Ocean wave spectrum and dissipation rate derived from CMOD4 model function

A simplified version of the energy balance equation is solved to obtain an expression for the ocean wave equilibrium spectrum, which is then used with a two‐scale electromagnetic scattering model to calculate the radar cross section of the ocean surface. Two parameters in the energy balance equation are adjusted to minimize the difference between the calculated radar cross‐section values and those given by the CMOD4 model function over a range of incidence angles and look directions, and for a series of wind speeds. The RMS difference between the CMOD4 and two‐scale radar cross‐section values using this model is 0.16 dB for incidence angles from 25° to 45° and wind speeds from 5 to 15 m/s. The slope variances computed from this model also agree fairly well with those measured by Cox and Munk. However, since the largest wave number influencing the C‐band backscatter is approximately 200 rad/m, the spectrum is probably not valid beyond this wave number.
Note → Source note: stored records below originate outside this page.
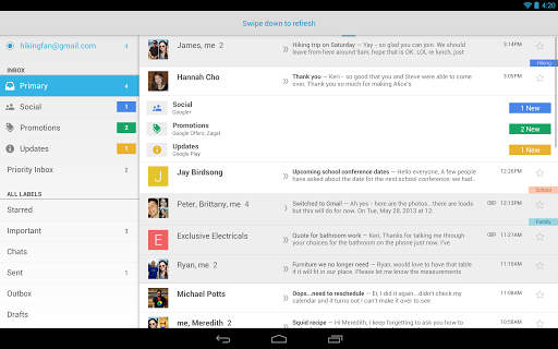 Для того, чтобы использовать приложение Gmail скачать на Android, дополнительная настройка вашего мобильного устройства не потребуется. Для входа в программу нужно только применить свою учетную запись в Gmail. Приложение делает работу с почтой простой и удобной. Чтобы следить за поступлением писем в папку «Входящие», вам не нужно будет постоянно обновлять страницу. Уведомления о том, что пришло новое письмо вы увидите в строке состояния, поэтому ни одно новое письмо не останется без вашего внимания.
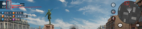 游戏的正常比分会显示在左上角,在倒计时结束之前,哪支队伍先达成人头目标就能获胜;要是倒计时结束时还没分出胜负,人头数更多的队伍就直接赢了。另外,右上角的地图能看到敌人和队友的位置动态,其中红色代表敌人,蓝色是队友,白色则是玩家自己。
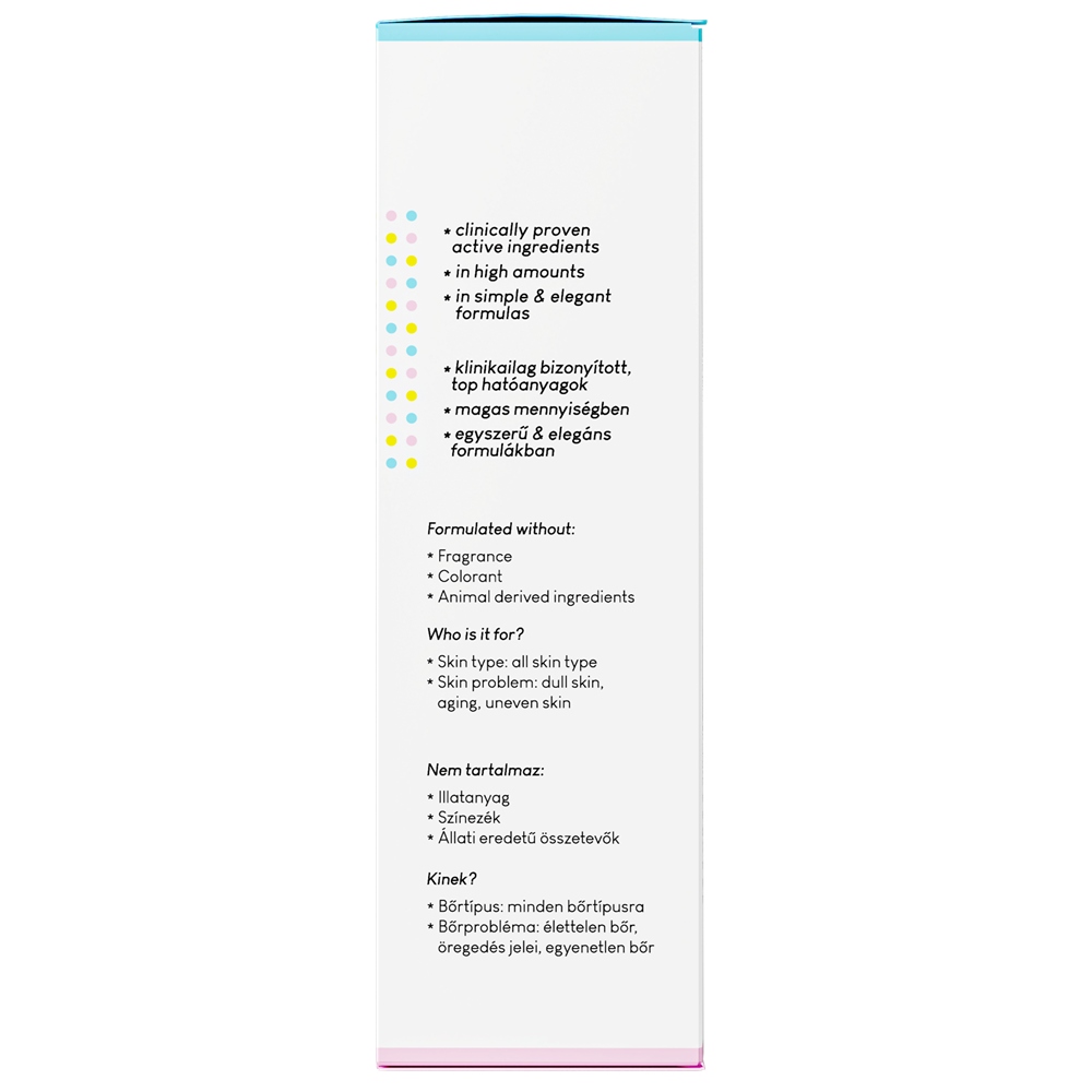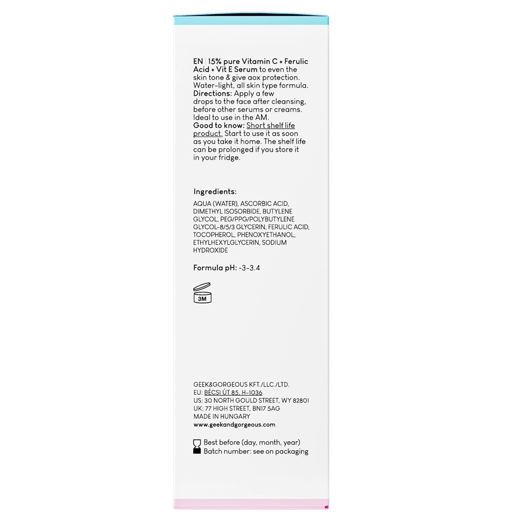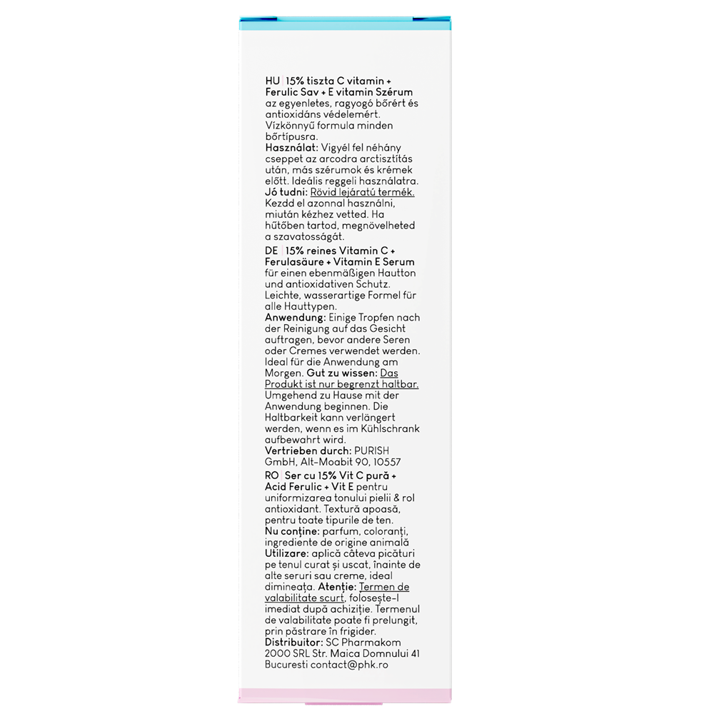 Vitamina C (acid ascorbic - 15%) - un ingredient activ dovedit clinic, care ofera pielii protectie impotriva radicalilor liberi si a poluarii mediului (antioxidant), stimuleaza productia de colagen si estompeaza hiperpigmentarea. De asemenea, ofera tenului stralucire si luminozitate instantanee.
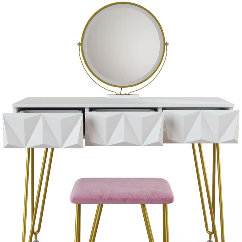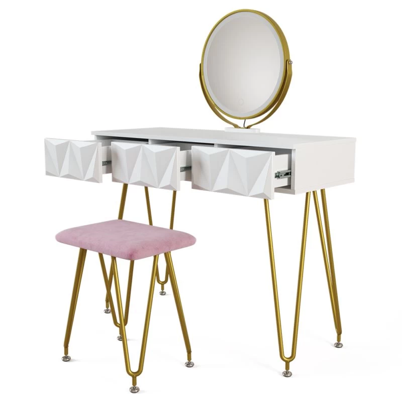 - Contenu de la livraison : • 1x coiffeuse• 1x tabouret design• 1x miroir LEDDécoration non incluse.
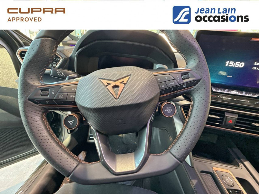 - Pack Intelligent Drive Full - TopView Camera 360° - Intelligent Park Assist : système d'aide active au stationnement - NaviSystem+ : système de navigation Europe 3D - Pre-Crash : système de prévision des collisions - Side Assist, Exit Assist et Exit Warning - Travel Assist et Lane Assist Plus - CUPRA Connect Plus 3 ans
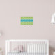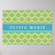 Trendy, modern, bold Moroccan tile inspired lattice trellis pattern in green and white with a bright blue name template.
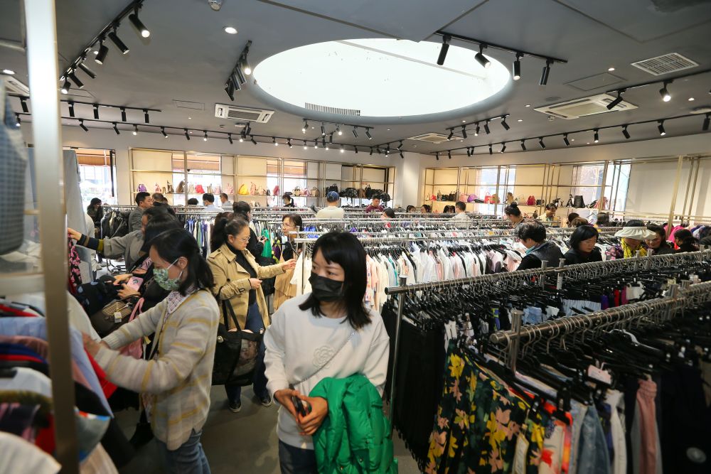 位于重庆两江新区的砂之船奥特莱斯商场内,消费者正在选购优惠商品。(何为 摄)
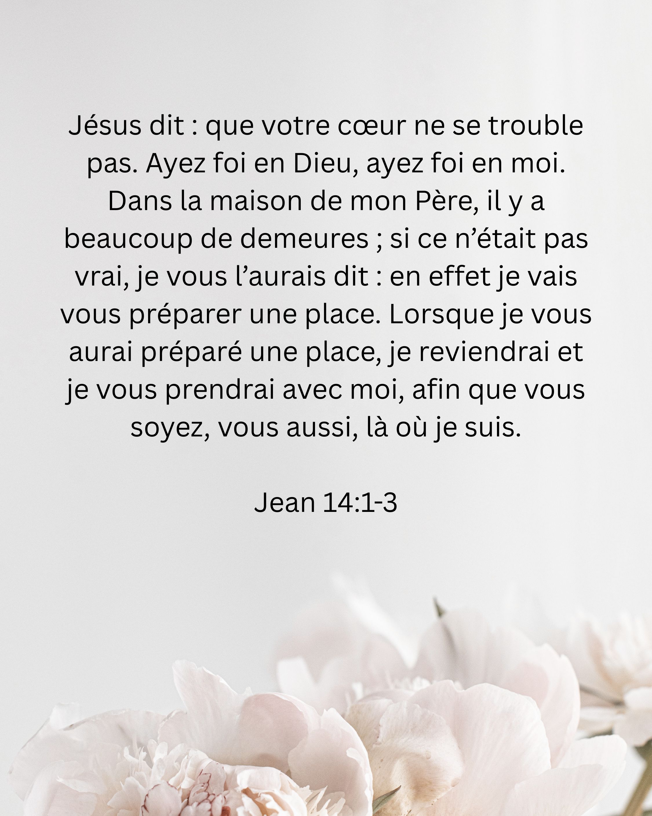 Jésus dit : que votre cœur ne se trouble pas. Ayez foi en Dieu, ayez foi en moi. Dans la maison de mon Père, il y a beaucoup de demeures ; si ce n’était pas vrai, je vous l’aurais dit : en effet je vais vous préparer une place. Lorsque je vous aurai préparé une place, je reviendrai et je vous prendrai avec moi, afin que vous soyez, vous aussi, là où je suis.
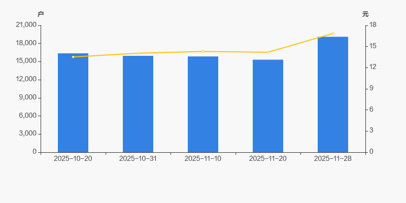 2025年10月20日至今,公司股东户数显著增长,区间涨幅为16.74%。2025年10月20日至2025年11月28日区间股价上涨24.63%。
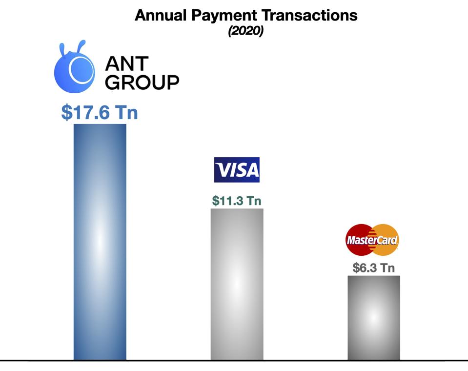 Ant, Visa, Mastercard, Annual Payment Transactions CHART BY AUTHOR
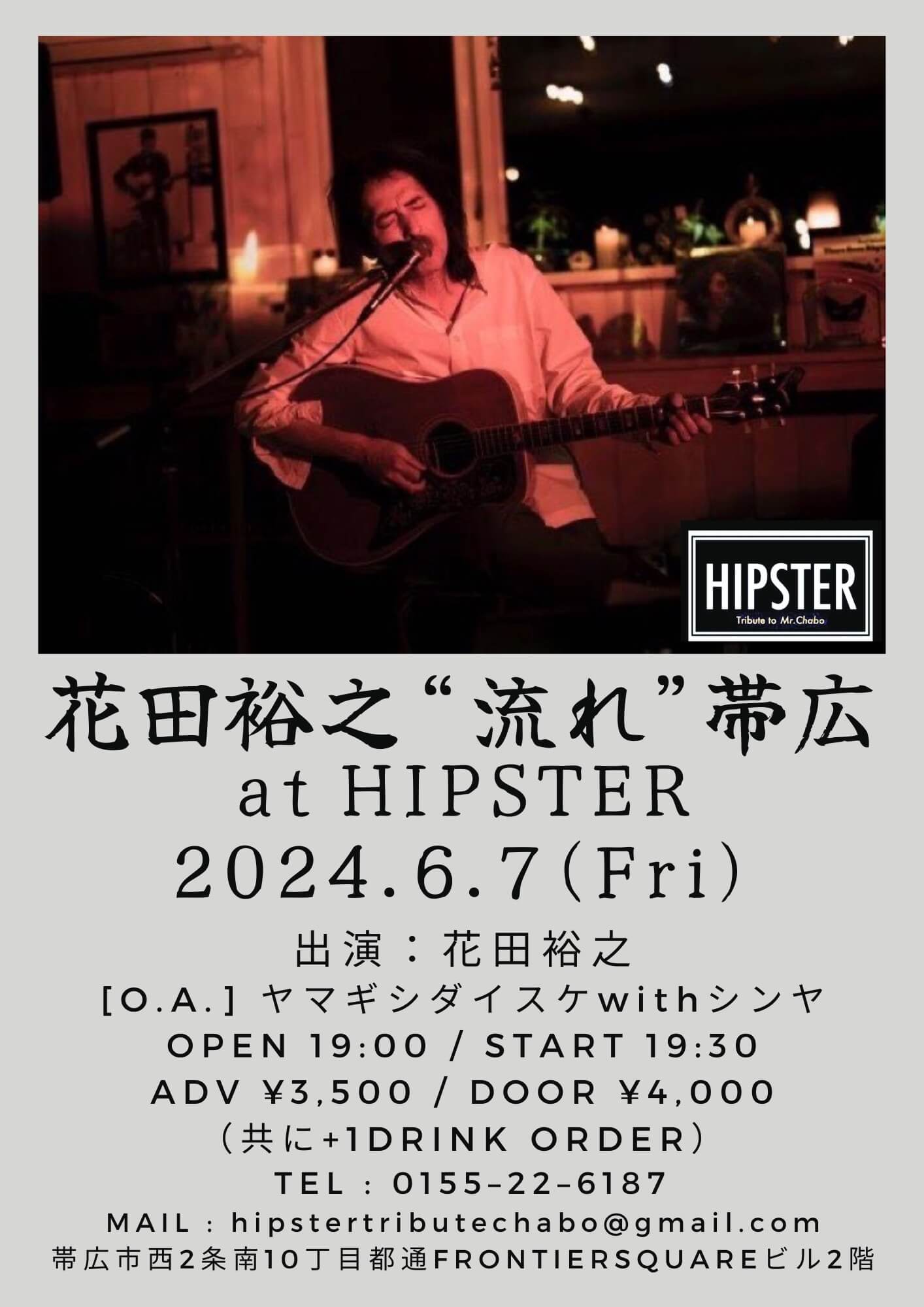 open 19:00 start 19:30 予約 ¥3,500 当日 ¥4,000 いずれも+ 1d order 問い合わせ 0155-22-6187 営業時間 20:00~2:00 メールアドレス hipstertributechabo@gmail.com *イベント中、電話が繋がり難いことがあります。 |

Finally, since the spectrum is determined by the relative magnitudes of the wave growth and dissipation rates, some inferences about these parameters can be drawn. Assuming the exponential growth rate parameter to be equal to previous measurements, the dissipation rate implied by this model is more than an order of magnitude larger than that due to molecular viscosity for wind speeds greater than 7 m/s. This conclusion is consistent with observations by Jähne and Riemer, which also indicated a dissipation rate much larger than the viscous dissipation rate at high wind speeds.